▶ **Given records**
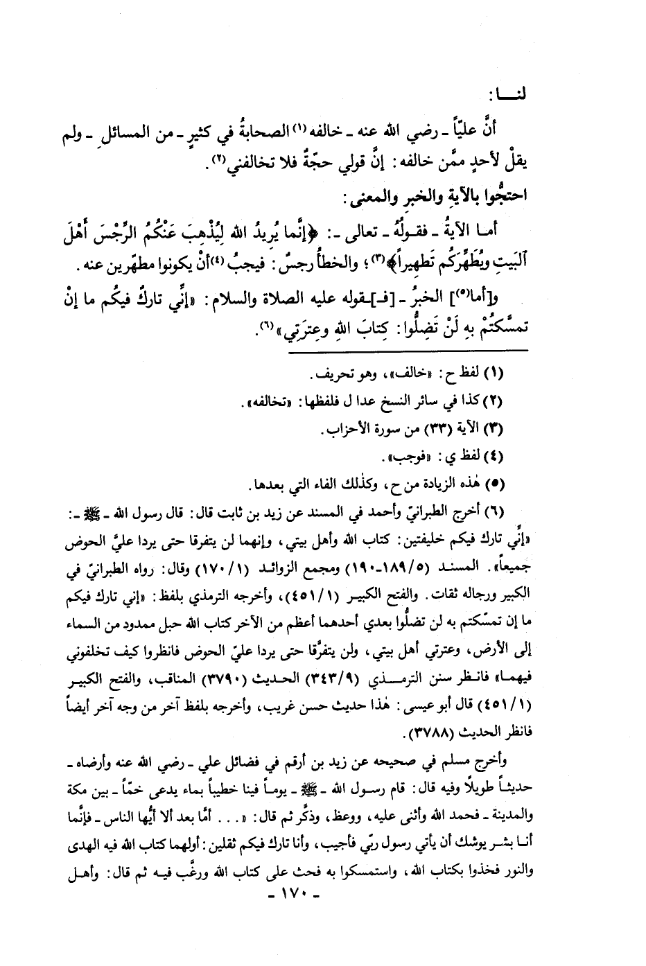 لنا أن عليا رضي الله عنه خالفه الصحابة في كثير من المسائل ولم يقل لأحد ممن خالفه إن قولي حجة فلا تخالفني احتجوا بالآية والخبر والمعنى أما الآية فقوله تعالى إنما يريد الله ليذهب عنكم الرجس أهل البيت ويطهركم تطهيرا والخطأ رجس فيجب أن يكونوا مطهرين عنه وأما الخبر فقوله عليه الصلاة والسلام إني تارك فيكم ما إن تمسكتم به لن تضلوا كتاب الله وعترتي
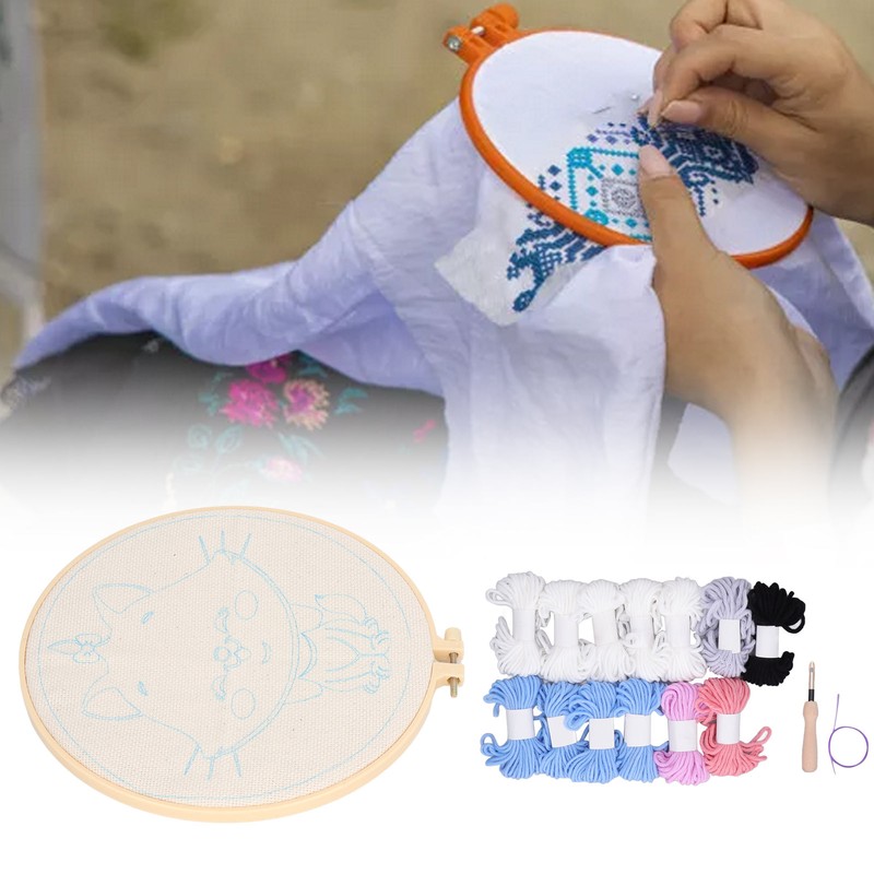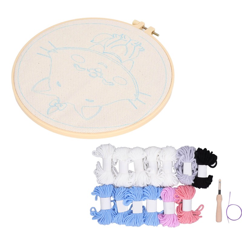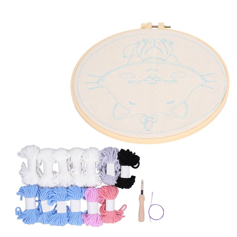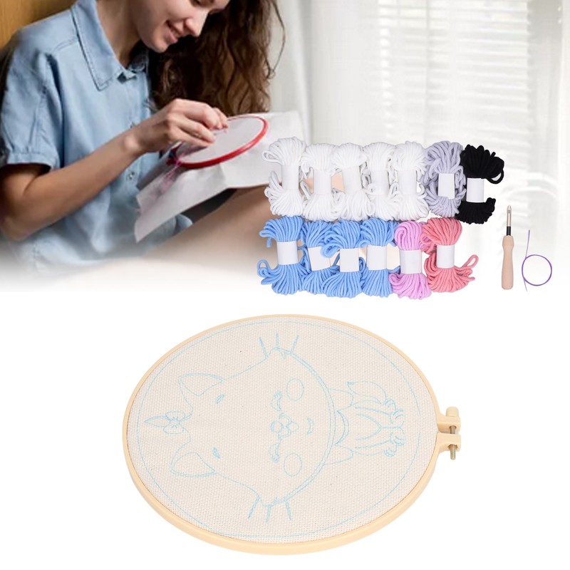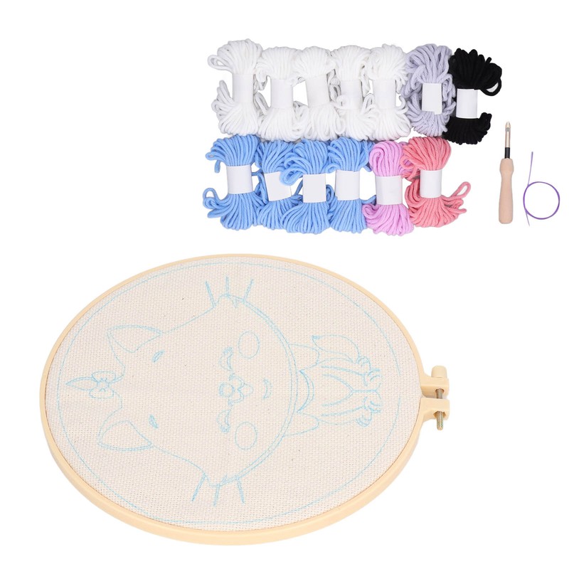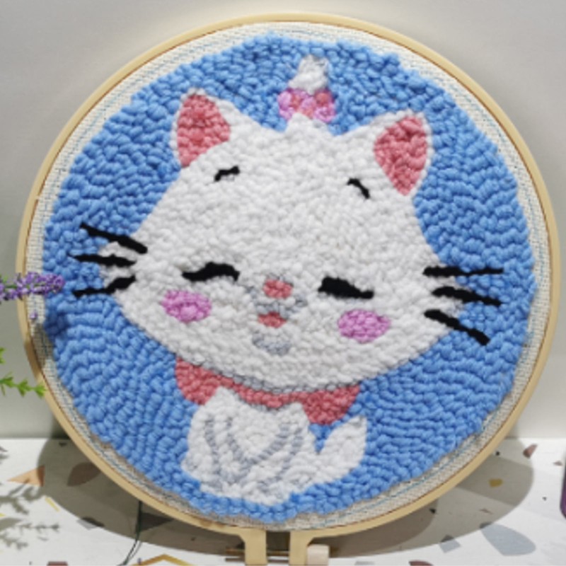 Punch Needle Kit Cute White Cat Easy Operation Glossy Frame 9.8in Hoop 13Pcs ...
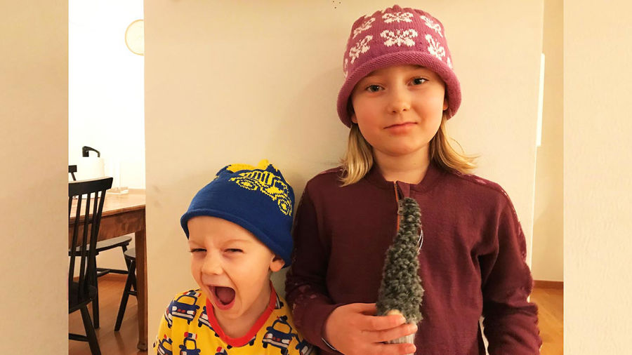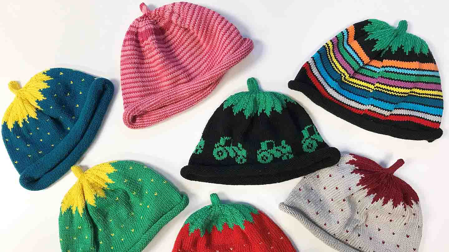 Finnes: Vackra och fantasifulla barnmössor med bl.a. bärmönster – skänkes av handarbetande "60-plus-tjej" i Enköping!
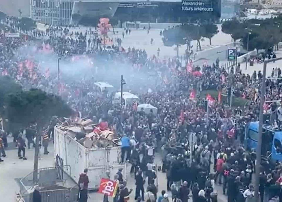 Aprovechando la fuerte participación, los sindicatos convocaron rápidamente a protestas y huelgas para el 28 de marzo, cuando nuevas se tiene previsto que el rey británico visite Burdeos en el segundo día de su gira por Francia. La pesada puerta de madera del elegante Ayuntamiento de Burdeos fue quemada y rápidamente destruida el jueves por la tarde por miembros de una manifestación no autorizada, publicada el periódico Sud Ouest.
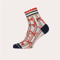 Les chaussettes XPOOOS Bow jouent la carte du détail qui fait tout : de délicats nœuds rouges imprimés sur un fond à fines rayures, une transparence légère ultra féminine et une finition festonnée rouge pour la petite touche couture.
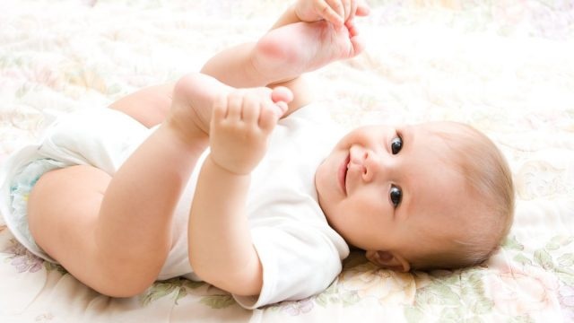 • وضع الطفل على الأرض، وجعل بطنه باتجاه الأرض

▶ **Work item**
Your answer must be the full set of entries, set down exactly and without pictures.

▶ **Result**
 لنا أن عليا رضي الله عنه خالفه الصحابة في كثير من المسائل ولم يقل لأحد ممن خالفه إن قولي حجة فلا تخالفني احتجوا بالآية والخبر والمعنى أما الآية فقوله تعالى إنما يريد الله ليذهب عنكم الرجس أهل البيت ويطهركم تطهيرا والخطأ رجس فيجب أن يكونوا مطهرين عنه وأما الخبر فقوله عليه الصلاة والسلام إني تارك فيكم ما إن تمسكتم به لن تضلوا كتاب الله وعترتي
 Punch Needle Kit Cute White Cat Easy Operation Glossy Frame 9.8in Hoop 13Pcs ...
 Finnes: Vackra och fantasifulla barnmössor med bl.a. bärmönster – skänkes av handarbetande "60-plus-tjej" i Enköping!
 Aprovechando la fuerte participación, los sindicatos convocaron rápidamente a protestas y huelgas para el 28 de marzo, cuando nuevas se tiene previsto que el rey británico visite Burdeos en el segundo día de su gira por Francia. La pesada puerta de madera del elegante Ayuntamiento de Burdeos fue quemada y rápidamente destruida el jueves por la tarde por miembros de una manifestación no autorizada, publicada el periódico Sud Ouest.
 Les chaussettes XPOOOS Bow jouent la carte du détail qui fait tout : de délicats nœuds rouges imprimés sur un fond à fines rayures, une transparence légère ultra féminine et une finition festonnée rouge pour la petite touche couture.
 • وضع الطفل على الأرض، وجعل بطنه باتجاه الأرض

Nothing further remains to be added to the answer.